Если отвлечься от этих непосредственных эффектов данной реорганизации интеллектуального поля, то она свидетельствовала о куда более фундаментальном сломе. Признаком модерна, согласно классическому аргументу Вебера, является структурная дифференциация: автономизация практик и ценностей, некогда тесно соединенных в социальном опыте, в четко разделенных областях. Этот процесс, на чем всегда настаивал Хабермас, невозможно отменить из-за угрозы регресса. Если исходить из данных посылок, то не может быть более зловещего симптома определенных разломов внутри модерна, чем нарушение этого с трудом достигнутого деления. Данный процесс еще в 1967 г. предвидел Фрид — и опасался его. Десятилетие спустя он не только распространился с искусства на гуманитарные или социальные науки, но и — с приходом философской открытки и созданием концептуальной неоновой вывески — начал размывать границу между ними. Постмодерн подразумевал как раз то, что исключали великие теоретики модернизации, — немыслимую де-дифференциацию культурных сфер.
Укорененность постмодерна в трансформации капитала; зондирование изменений в субъекте; расширение объема культурных исследований — после этого Джеймисон мог осуществить свой логичный четвертый шаг.
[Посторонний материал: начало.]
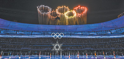 发展以人民为中心的体育,提高人民群众身体素质和生活品质,提高中国竞技体育综合实力和国际竞争力,成功举办北京冬奥会、冬残奥会。图为2022年2月20日北京冬奥会闭幕式焰火表演。

Каковы социальный базис и геополитическая модель постмодерна? Поздний капитализм оставался классовым обществом, но никакой класс внутри него не выглядел так же, как ранее. Непосредственный вектор культуры постмодерна определенно надлежит искать в новой зажиточной страте наемных работников и профессионалов, созданной быстрым ростом сферы услуг и спекулятивного сектора развитых капиталистических обществ. Над этим хрупким слоем яппи маячат массивные структуры самих транснациональных корпораций — масштабный автоматизированный механизм производства и власти, чьи операции пронизывают мировую экономику и определяют ее репрезентацию в коллективном воображаемом. Внизу, после того как старый индустриальный порядок нарушился, ослабляются традиционные классовые формации и в то же самое время умножаются сегментированные идентичности локализованных групп, обычно сформированных на базе этнических или половых различий. В мировом масштабе (в эпоху постмодерна это — решающий уровень) пока еще не сложилось стабильной классовой структуры, такой, которая была бы сопоставима с классовой структурой раннего капитализма. Те, кто наверху, едины в привилегиях; те, кто внизу, испытывают недостаток единства и солидарности. Новый «коллективный трудящийся» все еще должен появиться. Это состояние — состояние определенной вертикальной неопределенности.